The problem -
Leave every picture out and print exactly the lines that run from the one containing "Category Politique et" to the end of the listing.

### Dataset extract

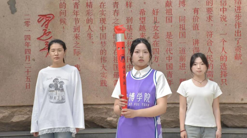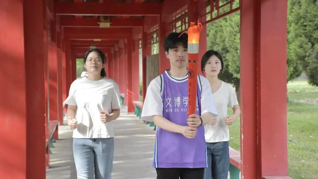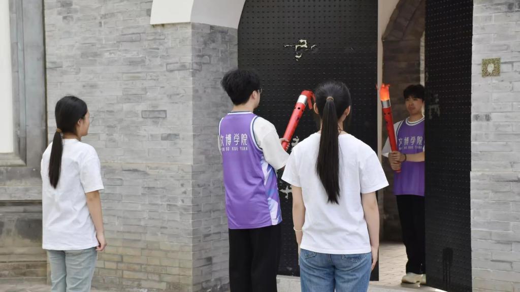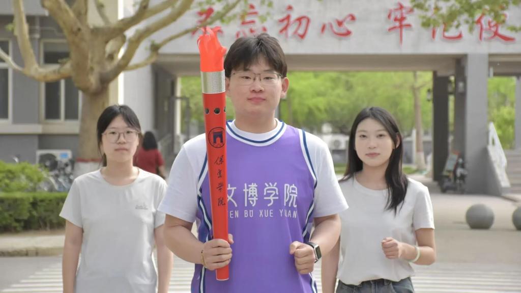 第二棒主火炬手薄伟,副火炬手张润佳、聂初雨。他们从理科楼门洞接过火炬,沿着森林公园路线,抵达文物绘图室。绘图室里,火炬手们参观了解文物绘图工具,体验绘图流程,见证古人对文物记录的智慧,体悟文物背后的故事,领略精益求精的工匠精神,让历史文化在手中生动展现。
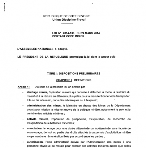 Category Politique et Juridique Côte d'Ivoire Loi n° 2014-138 du 24 mars 2014 portant code minier Côte d'Ivoire Se connecter ou s'inscrire pour publier un commentaire Télécharger 34. Loi n°2014-138 du 24 mars 2014 portant Code minier.pdf2.44 Mo
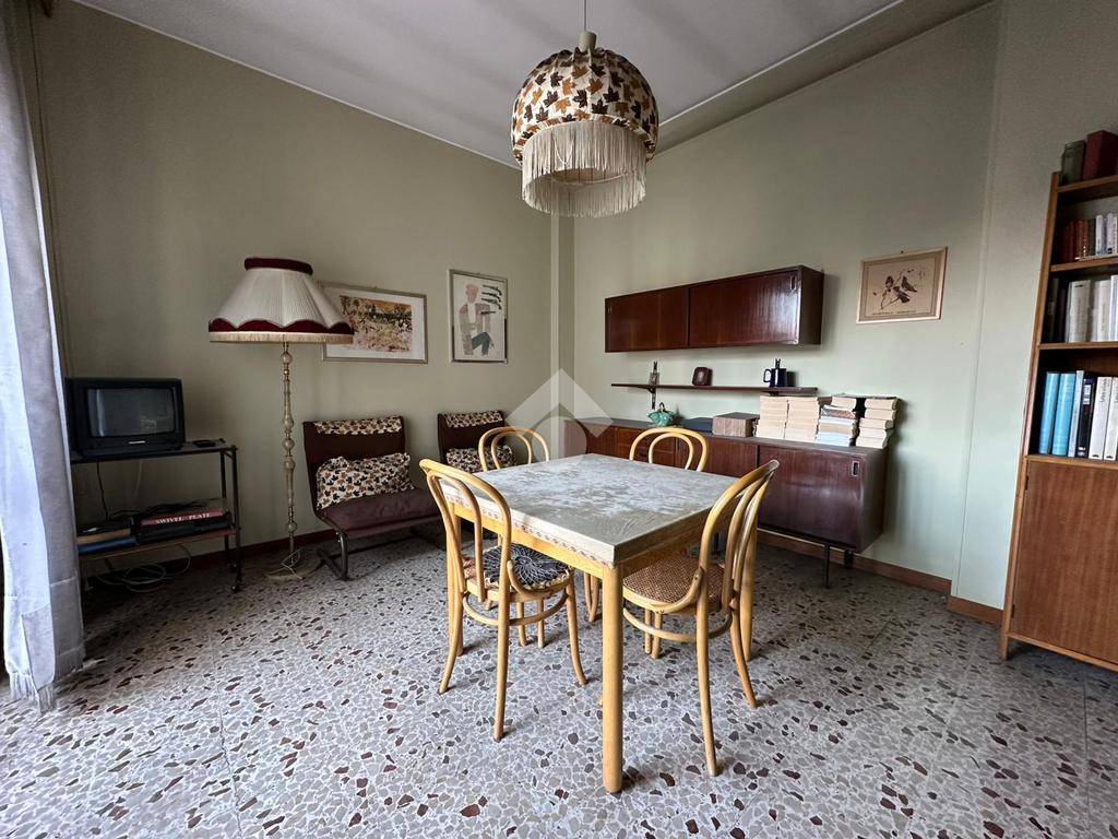 L'abitazione vanta di generose metrature, attualmente è suddivisa in ingresso, cucina abitabile, luminoso soggiorno con balcone, disimpegno, bagno finestrato e camera matrimoniale con secondo balcone.
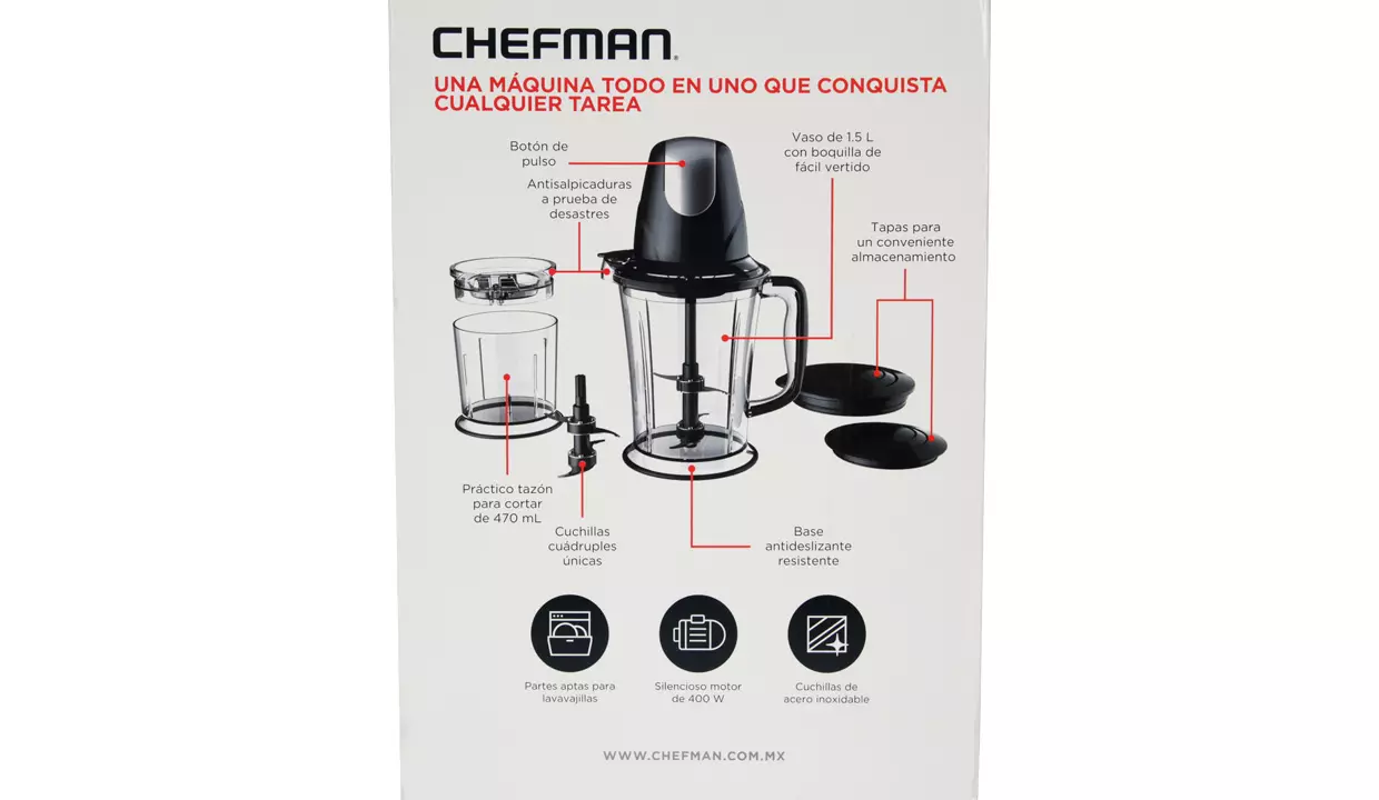 - Poderozo motor: con un solo toque pica, tritura hielo, mezcla y hace puré de manera eficiente.

######

Answer below -
 Category Politique et Juridique Côte d'Ivoire Loi n° 2014-138 du 24 mars 2014 portant code minier Côte d'Ivoire Se connecter ou s'inscrire pour publier un commentaire Télécharger 34. Loi n°2014-138 du 24 mars 2014 portant Code minier.pdf2.44 Mo
 L'abitazione vanta di generose metrature, attualmente è suddivisa in ingresso, cucina abitabile, luminoso soggiorno con balcone, disimpegno, bagno finestrato e camera matrimoniale con secondo balcone.
 - Poderozo motor: con un solo toque pica, tritura hielo, mezcla y hace puré de manera eficiente.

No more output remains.